Assembly & Low-Level Encoding Languages Family Index


type: language-family-index family: assembly-and-encoding languages_catalogued: 35 tags: [language-reference, family-index, assembly, isa, x86, arm, risc-v, wasm, llvm-ir, elf, pe-coff, mach-o, dwarf, ebpf]

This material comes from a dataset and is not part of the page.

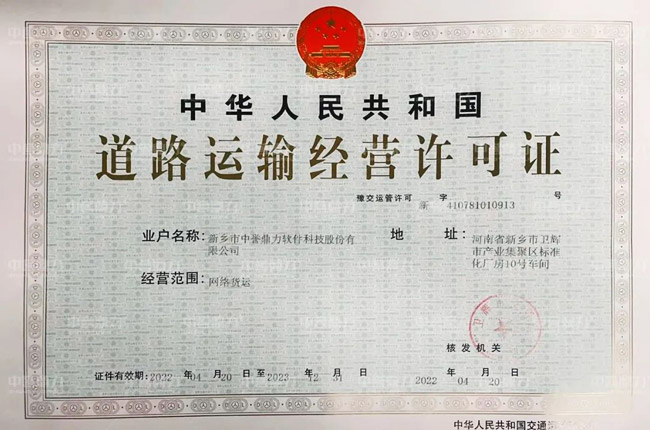 近日,中譽鼎力軟件科技股份有限公司順利取得道路運輸經營許可證,經營范圍包括道路普通貨物運輸和網絡貨運等,為公司自主研發的“鼎力好運”網絡貨運平臺提供資質支持。

Assembly & Low-Level Encoding — Family Index

Family overview

“Assembly” is not one language but a cross-product: an instruction-set architecture (ISA) supplies the semantic vocabulary (registers, mnemonics, encodings), and an assembler + syntax dialect supplies the surface grammar that maps human-readable text to machine code. Picking “x86 assembly” is therefore underspecified — you must also pick a syntax (Intel vs AT&T) and an assembler (GAS, MASM, NASM, FASM, YASM). The dialects are not interchangeable: mov eax, [ebx+4] (Intel) and movl 4(%ebx), %eax (AT&T) produce identical bytes but disagree on operand order, sigils (% register prefix), size suffixes (b/w/l/q), and addressing-mode syntax. Linux and BSD toolchains historically defaulted to AT&T because GAS inherited from the Bell Labs as lineage; everywhere else (Intel SDM, AMD APM, all Microsoft tools, all the textbooks) uses Intel syntax. Modern GAS supports .intel_syntax noprefix to defect.

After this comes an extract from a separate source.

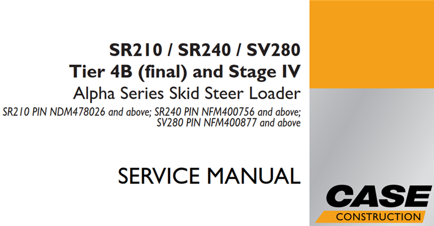 Original Factory Service Repair Manual for the Case SR210/SR240/SV280 Tier 4B (final) and Stage IV Alpha Series Skid Steer Loader.

The 2020s have produced the first genuinely novel ISAs in a generation. RISC-V, an open royalty-free modular ISA, ratified its base integer profiles (RV32I/RV64I) plus extensions M (mul/div), A (atomics), F/D (single/double float), C (compressed) by 2019; the V vector extension (“RVV 1.0”) finalised in November 2021; the B bit-manipulation umbrella (Zba+Zbb+Zbs) ratified by 2024; and the RVA23 application profile ratified on 2024-10-21 made vector and hypervisor extensions mandatory for application-class chips, the most consequential RISC-V milestone since the base ISA. Intel APX (Advanced Performance Extensions, spec at v8 as of 2025-07) doubles x86-64 GPRs from 16 to 32 and adds REX2/EVEX-promoted forms; NASM 3.00 (2025-10) ships APX support and Linux kernel patches were still landing through H2 2025. ARM’s A-profile reached ARMv9.6-A (announced October 2024) with SME structured-sparsity improvements.

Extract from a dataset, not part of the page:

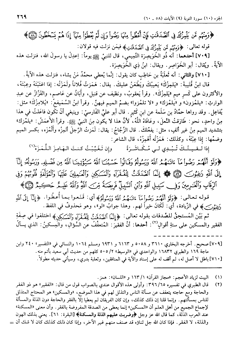 وَلَوْ أَنَّهُمْ رَضُوا ما آتاهُمُ اللَّهُ وَرَسُولُهُ وَقالُوا حَسْبُنَا اللَّهُ سَيُؤْتِينَا اللَّهُ مِنْ فَضْلِهِ وَرَسُولُهُ إِنَّا إِلَى اللَّهِ راغِبُونَ (59) إِنَّمَا الصَّدَقاتُ لِلْفُقَراءِ وَالْمَساكِينِ وَالْعامِلِينَ عَلَيْها وَالْمُؤَلَّفَةِ قُلُوبُهُمْ وَفِي الرِّقابِ وَالْغارِمِينَ وَفِي سَبِيلِ اللَّهِ وَابْنِ السَّبِيلِ فَرِيضَةً مِنَ اللَّهِ وَاللَّهُ عَلِيمٌ حَكِيمٌ (60)

Two “portable assemblies” don’t target physical silicon: WebAssembly (text format .wat, binary .wasm) is a stack-machine virtual ISA whose 3.0 release in late 2025 finally shipped GC, native exception handling (exnref), 64-bit memory, tail calls, and multi-memory across all major browsers. LLVM IR is the compiler-internal SSA-form intermediate language exposed as .ll text or .bc bitcode; LLVM’s developer policy guarantees bitcode produced by 3.0+ remains loadable, but the textual IR is explicitly not stable across major versions. eBPF is a third, stranger creature: a 64-bit register VM whose programs must pass an in-kernel verifier (range analysis, bounded loops, memory-safety) at load time — the verifier is effectively the type system, and formal-verification work (Agni, the eBPF Foundation’s 2025 grant program for ePASS) is ongoing.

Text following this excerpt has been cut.